• _GIVEN ENTRIES_
..............................

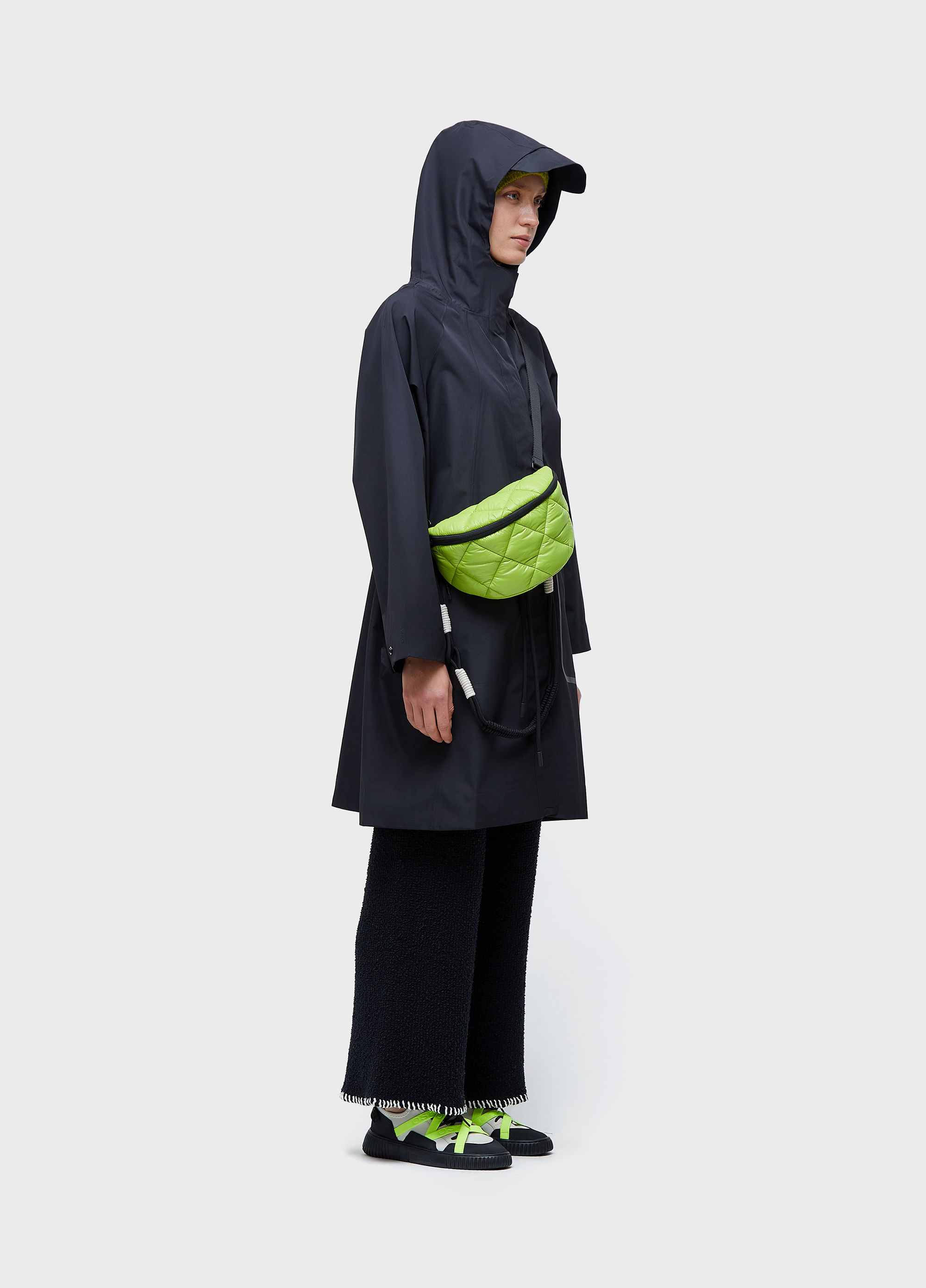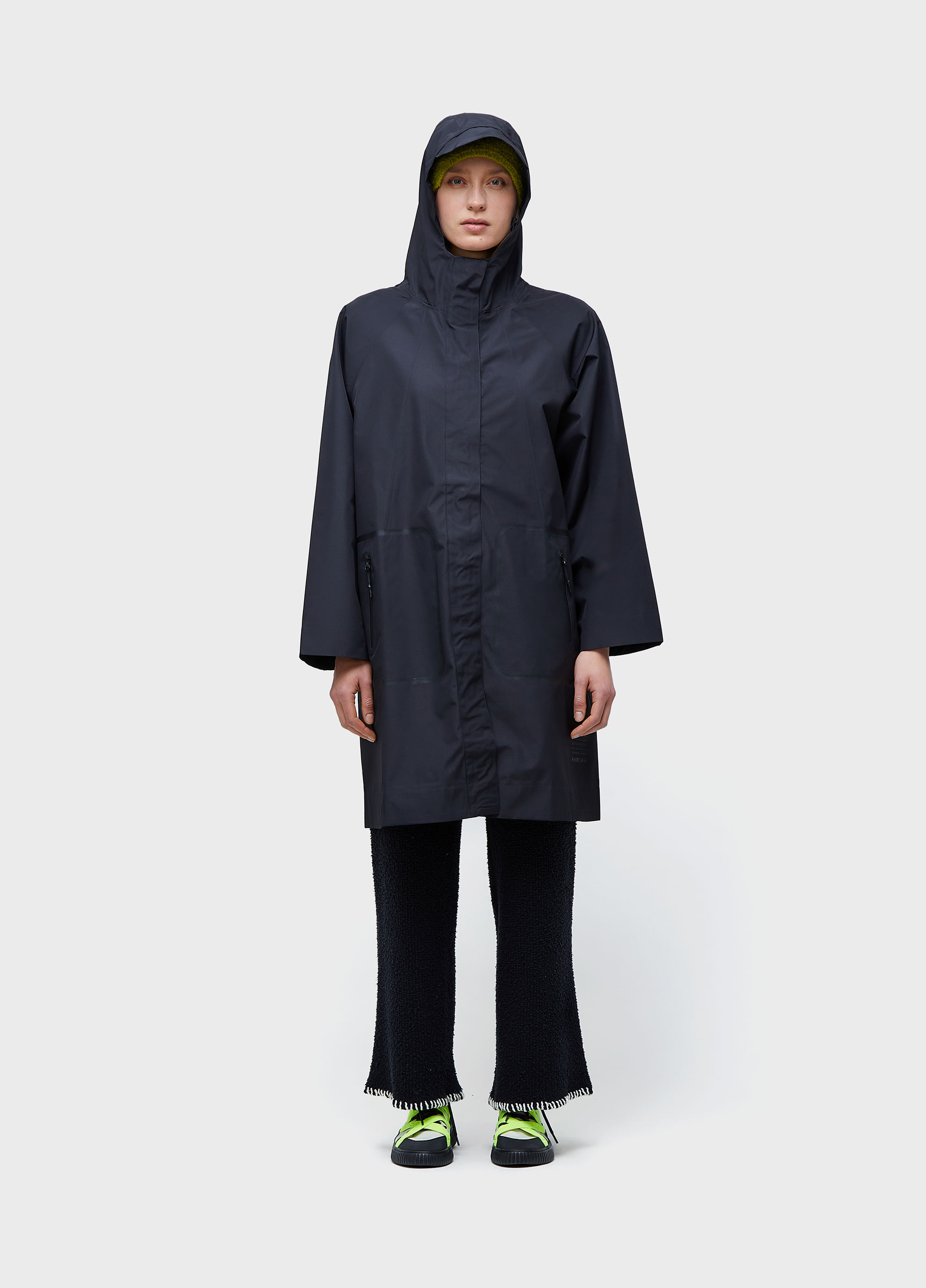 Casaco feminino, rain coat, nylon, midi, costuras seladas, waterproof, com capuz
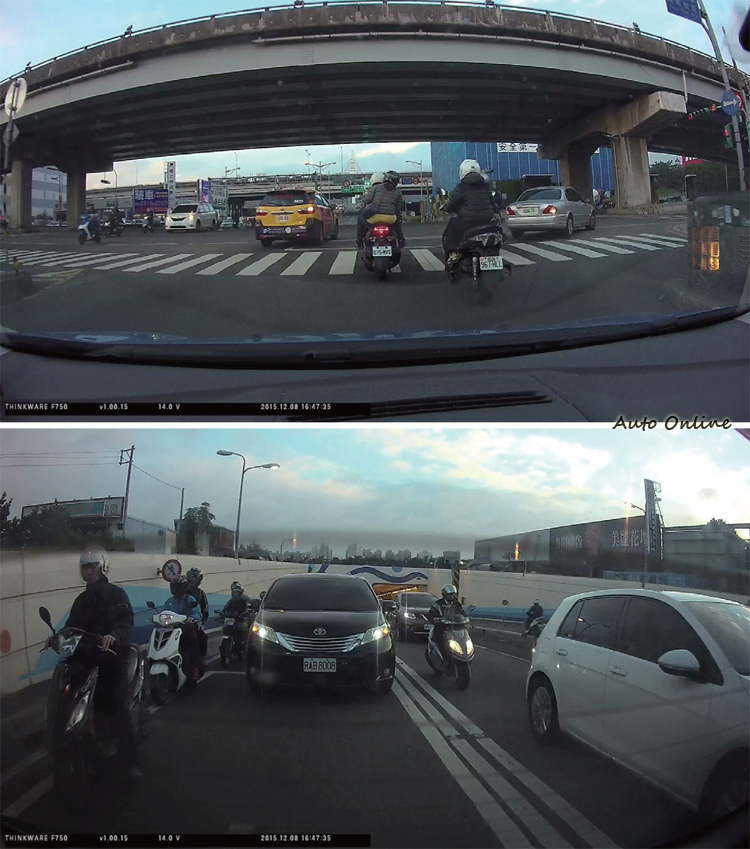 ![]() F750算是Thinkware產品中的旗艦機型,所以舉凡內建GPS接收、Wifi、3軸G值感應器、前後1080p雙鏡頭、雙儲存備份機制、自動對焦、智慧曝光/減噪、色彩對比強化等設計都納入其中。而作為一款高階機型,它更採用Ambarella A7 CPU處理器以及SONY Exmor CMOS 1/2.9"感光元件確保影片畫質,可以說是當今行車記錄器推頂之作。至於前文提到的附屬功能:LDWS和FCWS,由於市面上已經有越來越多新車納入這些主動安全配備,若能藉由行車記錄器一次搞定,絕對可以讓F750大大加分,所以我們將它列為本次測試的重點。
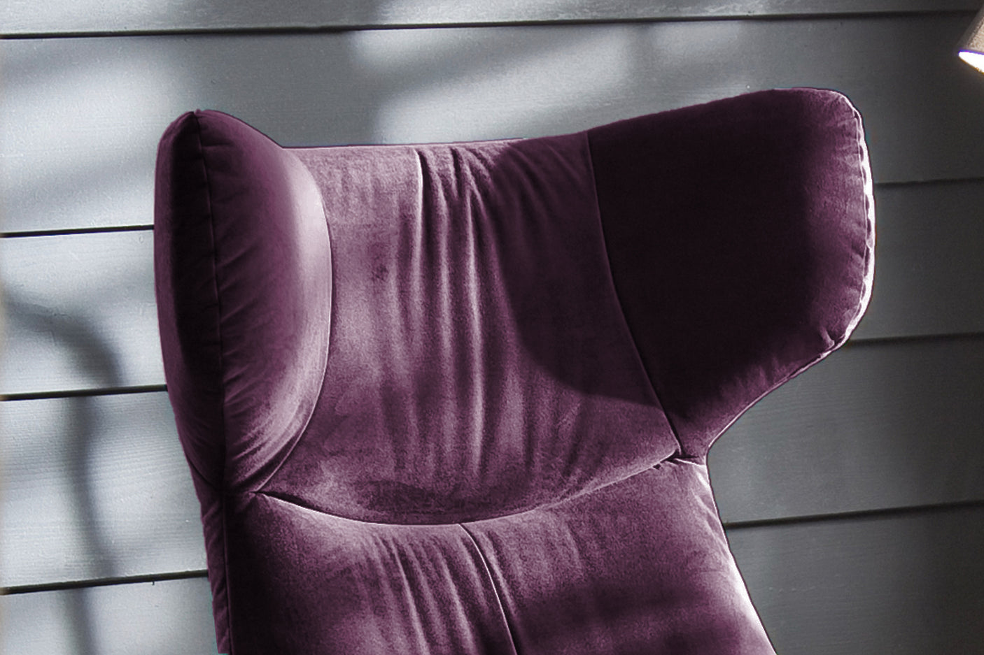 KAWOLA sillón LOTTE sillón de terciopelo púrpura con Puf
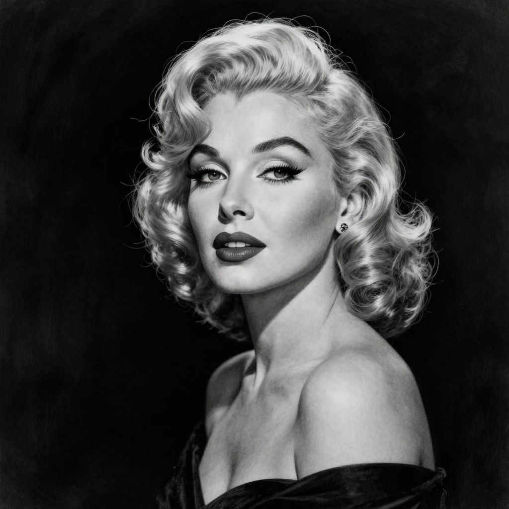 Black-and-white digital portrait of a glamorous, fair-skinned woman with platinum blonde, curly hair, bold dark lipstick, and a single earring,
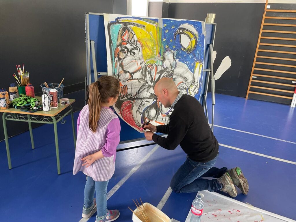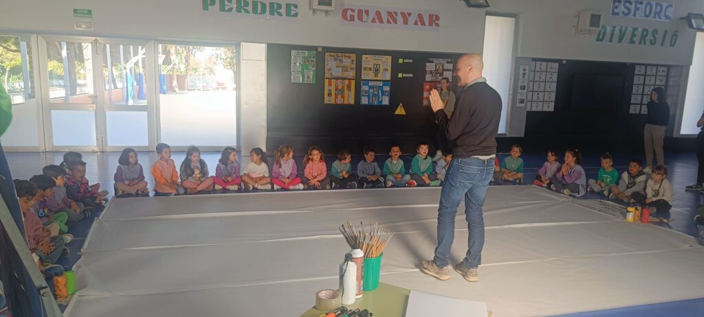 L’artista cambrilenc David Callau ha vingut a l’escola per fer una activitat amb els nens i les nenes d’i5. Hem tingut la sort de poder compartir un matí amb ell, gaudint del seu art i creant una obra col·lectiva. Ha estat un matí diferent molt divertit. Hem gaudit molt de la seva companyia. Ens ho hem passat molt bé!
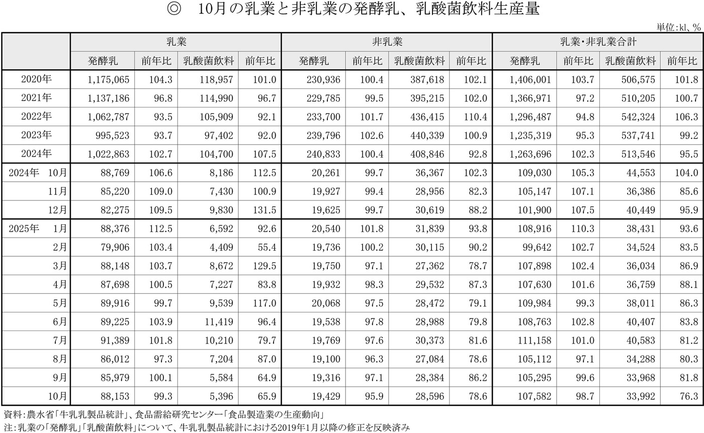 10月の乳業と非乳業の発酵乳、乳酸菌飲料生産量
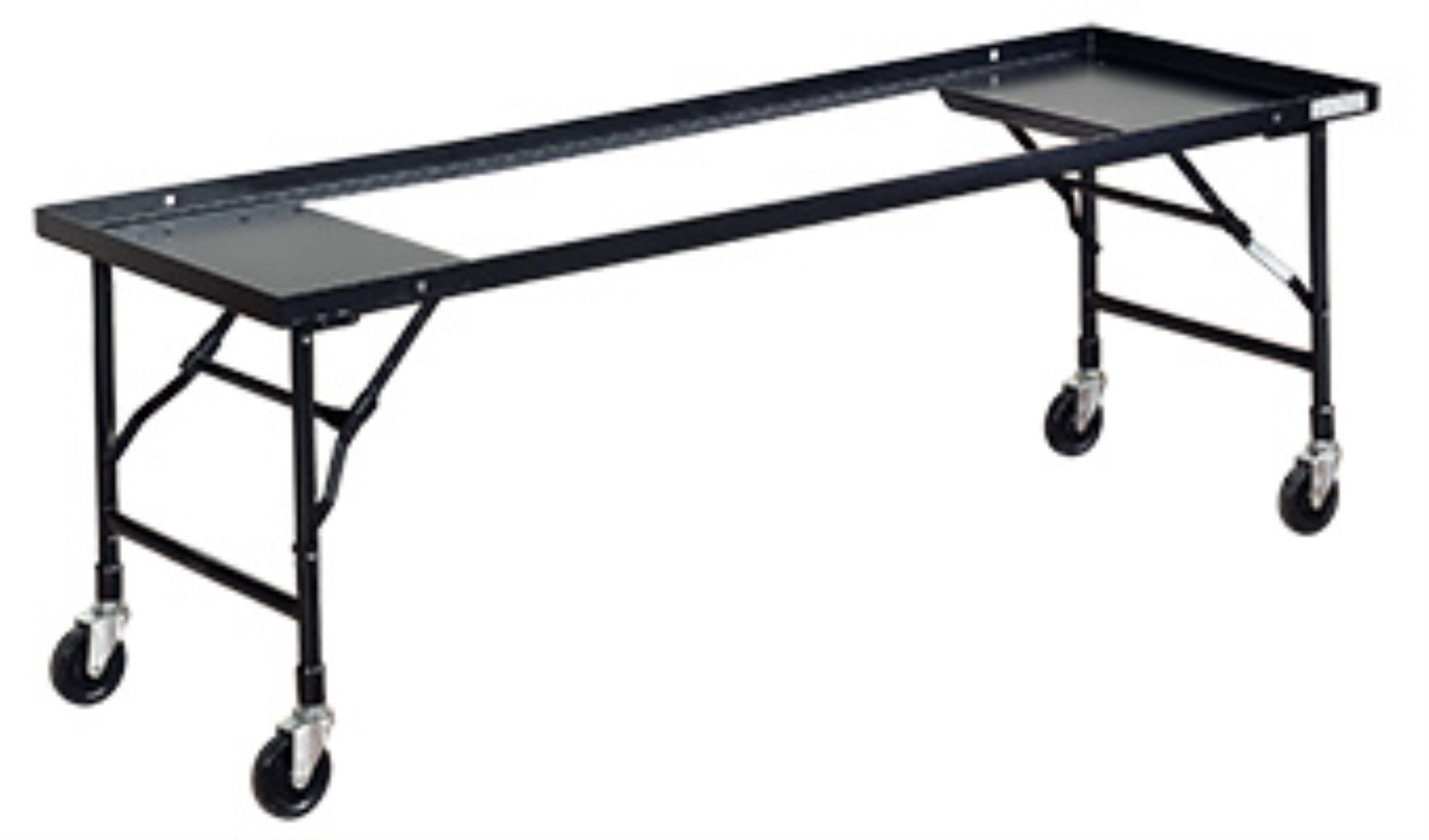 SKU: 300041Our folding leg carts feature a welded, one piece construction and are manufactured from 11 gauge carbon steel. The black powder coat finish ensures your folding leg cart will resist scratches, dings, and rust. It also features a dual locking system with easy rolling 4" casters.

..............................

• _REQUIRED ACTION_
Repeat every record above exactly, but drop the pictures.

• _FINISHED EXERCISE_
 Casaco feminino, rain coat, nylon, midi, costuras seladas, waterproof, com capuz
 ![]() F750算是Thinkware產品中的旗艦機型,所以舉凡內建GPS接收、Wifi、3軸G值感應器、前後1080p雙鏡頭、雙儲存備份機制、自動對焦、智慧曝光/減噪、色彩對比強化等設計都納入其中。而作為一款高階機型,它更採用Ambarella A7 CPU處理器以及SONY Exmor CMOS 1/2.9"感光元件確保影片畫質,可以說是當今行車記錄器推頂之作。至於前文提到的附屬功能:LDWS和FCWS,由於市面上已經有越來越多新車納入這些主動安全配備,若能藉由行車記錄器一次搞定,絕對可以讓F750大大加分,所以我們將它列為本次測試的重點。
 KAWOLA sillón LOTTE sillón de terciopelo púrpura con Puf
 Black-and-white digital portrait of a glamorous, fair-skinned woman with platinum blonde, curly hair, bold dark lipstick, and a single earring,
 L’artista cambrilenc David Callau ha vingut a l’escola per fer una activitat amb els nens i les nenes d’i5. Hem tingut la sort de poder compartir un matí amb ell, gaudint del seu art i creant una obra col·lectiva. Ha estat un matí diferent molt divertit. Hem gaudit molt de la seva companyia. Ens ho hem passat molt bé!
 10月の乳業と非乳業の発酵乳、乳酸菌飲料生産量
 SKU: 300041Our folding leg carts feature a welded, one piece construction and are manufactured from 11 gauge carbon steel. The black powder coat finish ensures your folding leg cart will resist scratches, dings, and rust. It also features a dual locking system with easy rolling 4" casters.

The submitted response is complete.